Additionally, clients MUST verify the binding between the identity of the servers to which they connect and the public keys presented by those servers. Clients SHOULD implement the algorithm in Section 6 of [PKIX] for general certificate validation, but MAY supplement that algorithm with other validation methods that achieve equivalent levels of verification (such as comparing the server certificate against a local store of already-verified certificates and identity bindings). ######B.7. NETCONF (2006/2009)
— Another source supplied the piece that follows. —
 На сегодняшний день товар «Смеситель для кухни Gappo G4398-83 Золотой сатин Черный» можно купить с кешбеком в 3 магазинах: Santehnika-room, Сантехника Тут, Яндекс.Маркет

In 2006, [NETCONF-SSH] specified the following text regarding application service identity verification in NETCONF: ###### 6. Security Considerations The identity of the server MUST be verified and authenticated by the client according to local policy before password-based authentication data or any configuration or state data is sent to or received from the server. The identity of the client MUST also be verified and authenticated by the server according to local policy to ensure that the incoming client request is legitimate before any configuration or state data is sent to or received from the client. Neither side should establish a NETCONF over SSH connection with an unknown, unexpected, or incorrect identity on the opposite side. ###### In 2009, [NETCONF-TLS] specified the following text regarding application service identity verification in NETCONF: ###### 3.1. Server Identity During the TLS negotiation, the client MUST carefully examine the certificate presented by the server to determine if it meets the client's expectations. Particularly, the client MUST check its understanding of the server hostname against the server's identity as presented in the server Certificate message, in order to prevent man- in-the-middle attacks.
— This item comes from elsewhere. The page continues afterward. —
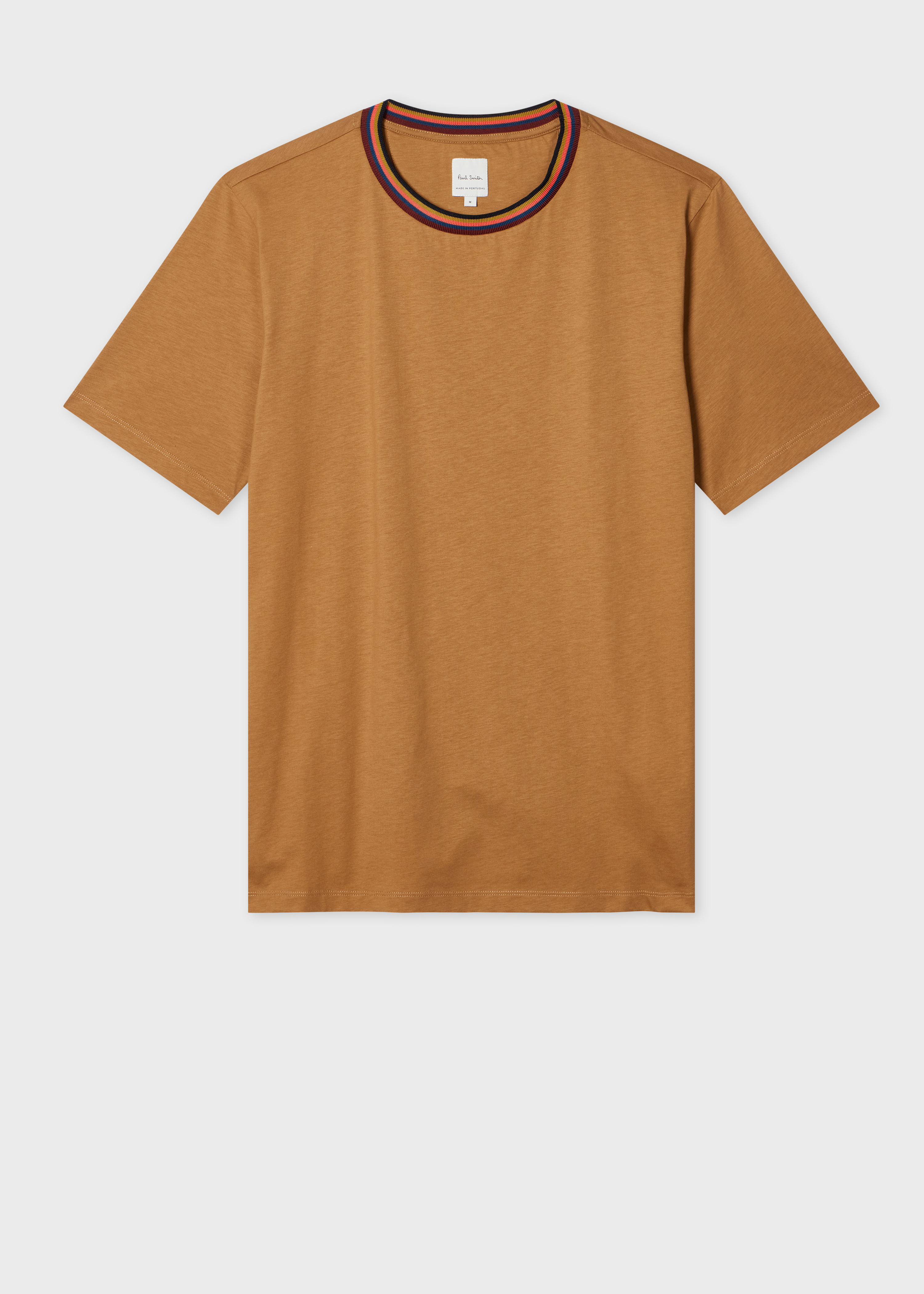 Cut from 100% organically grown cotton, this tan T-shirt features our classic 'Artist Stripe' on the collar - for a signature flash of colour. 100% Organically Grown Cotton Machine washable The Size Model wears a size M Model measures: Height 6’0’’ / 183cm | Chest 38’’ / 96.5cm | Waist 32’’ / 81cm The Fit - Regular-Fit is relaxed through the body. Product Code: M1R-697PS-H00084-61

Matching is performed according to the rules below (following the example of [NNTP-TLS]): o The client MUST use the server hostname it used to open the connection (or the hostname specified in the TLS "server_name" extension [TLS]) as the value to compare against the server name as expressed in the server certificate. The client MUST NOT use any form of the server hostname derived from an insecure remote source (e.g., insecure DNS lookup). CNAME canonicalization is not done. o If a subjectAltName extension of type dNSName is present in the certificate, it MUST be used as the source of the server's identity. o Matching is case-insensitive. o A "*" wildcard character MAY be used as the leftmost name component in the certificate. For example, *.example.com would match a.example.com, foo.example.com, etc., but would not match example.com. o If the certificate contains multiple names (e.g., more than one dNSName field), then a match with any one of the fields is considered acceptable. If the match fails, the client MUST either ask for explicit user confirmation or terminate the connection and indicate the server's identity is suspect. Additionally, clients MUST verify the binding between the identity of the servers to which they connect and the public keys presented by those servers. Clients SHOULD implement the algorithm in Section 6 of [PKIX] for general certificate validation, but MAY supplement that algorithm with other validation methods that achieve equivalent levels of verification (such as comparing the server certificate against a local store of already-verified certificates and identity bindings). If the client has external information as to the expected identity of the server, the hostname check MAY be omitted. ######B.8. Syslog (2009)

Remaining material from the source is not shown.